Acting Attorney General Matthew J. Platkin today announced that a Trenton man has pleaded guilty in a shooting he committed with a “community gun” that had been used in a prior shooting allegedly committed by members of the violent “Get Money Boys” or “GMB” gang in 2020.

According to Acting Attorney General Platkin, Kevion Watkins, 19, pleaded guilty to aggravated assault for firing two bullets into a moving vehicle, striking one of the occupants in the hand following a physical altercation inside a Trenton deli last year. 

Watkins pleaded guilty before Superior Court Judge Anthony M. Massi in Mercer County on June 22, 2022. Sentencing for Watkins is scheduled for September 23, 2022.

Under the plea agreement, the State will recommend a sentence of eight years in state prison, with 85 percent of the sentence – nearly seven years – to be served without parole eligibility.­­

“A single gun can cause significant violence and destruction when it is circulated and shared by individuals involved in criminal activity,” Acting Attorney General Platkin said. 

“The arrest and conviction of this defendant not only brings accountability for this shooting, it also cuts off access to a community gun used for multiple violent crimes.”

According to Acting Attorney General Platkin, Watkins was arrested on October 2, 2021, by Trenton Police, who responded to a ShotSpotter alert of ­two rounds fired on Oakland Street shortly before 10 a.m. 

Watkins was taken into custody after he attempted to exit an Oakland Street apartment building, where he fled after the shooting. 

Acting Attorney General Platkin said that police recovered the weapon – a silver and black 9mm Ruger with a defaced serial number – under a floor mat in a common area of the building. 

The gun was later linked by ballistic testing to at least one prior shooting - a May 1, 2020, incident in which five GMB members allegedly opened fire on a group of individuals on Sanhican Drive in Trenton, wounding two men. 

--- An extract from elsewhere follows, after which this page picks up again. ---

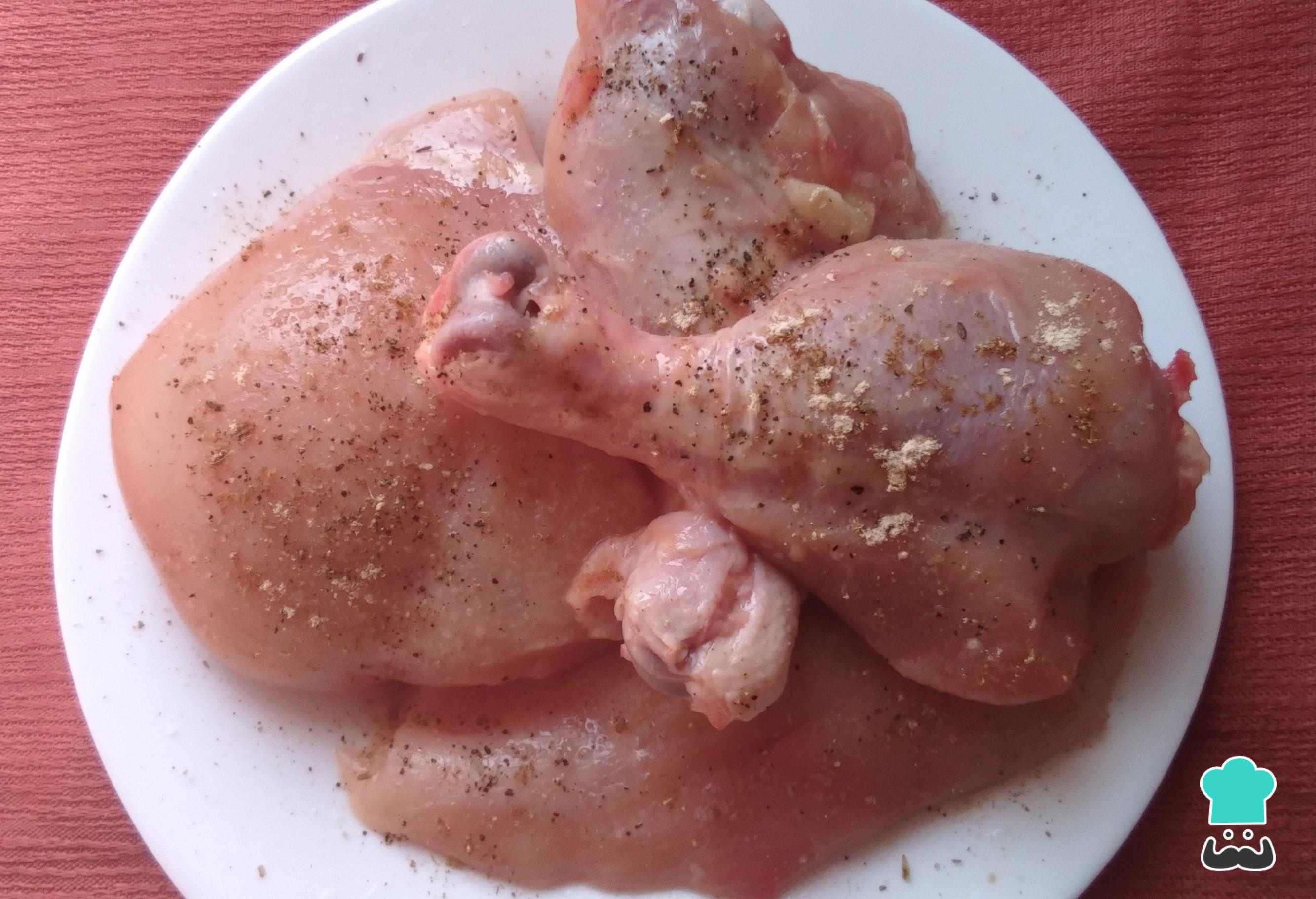 Para que el pollo con arroz al estilo panameño tenga bastante sabor, comienza por salpimentar y agregar especias a las piezas de pollo ya limpias. También puedes usar salsa de soya u otros saborizantes.

According to Acting Attorney General Platkin, the suspects charged in that shooting are among 20 alleged members and associates of GMB who were indicted last year in connection with multiple shootings in Trenton. 

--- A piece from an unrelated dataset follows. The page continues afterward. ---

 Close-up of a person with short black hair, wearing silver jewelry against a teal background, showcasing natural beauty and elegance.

Those shootings also include: the December 2019 murder of a 32-year-old man, the attempted murder of a Trenton police officer in February 2020, and a June 2020 shooting that wounded several bystanders, including a 12-year-old girl who was critically injured. 

Watkins, who turned 18 in August 2020, is not a defendant in that case.

“By sharing intelligence with local and county law enforcement, we were able to connect the dots to secure critical evidence linking this lone shooting to a rash of gang violence terrorizing the city of Trenton,” Director Pearl Minato of the Division of Criminal Justice said. 

“We will continue working closely with our law enforcement partners throughout New Jersey and beyond to remove illegal guns from our streets and hold accountable individuals who use them to carry out their violent agendas.”

Acting Attorney General Platkin stated that in pleading guilty, Watkins admitted to firing the gun recovered by police in the direction of two individuals who were in a car, intending to cause them serious bodily harm. 

A surveillance camera inside the deli captured footage of the two victims involved in a physical altercation with a group of people inside the store and then showed the pair exiting the store and getting into a blue 2017 Chevy Impala. 

Subsequent footage from the camera showed an individual, later identified as Watkins, running down the street while displaying a firearm and then firing two rounds into the victim’s car as it passed by him. 

One of the bullets struck the driver in the hand. The other occupant was not injured.

According to Acting Attorney General Platkin, on December 8, 2021, a Grand Jury indicted Watkins on attempted murder, aggravated assault, and numerous weapons charges, including possession, receipt, or transfer of a community gun while engaging in criminal activity. 

A community gun is defined by statute as a firearm that is transferred among, between, or within any association of two or more persons who, while possessing that firearm, engage in criminal activity or use it unlawfully against the person or property of another.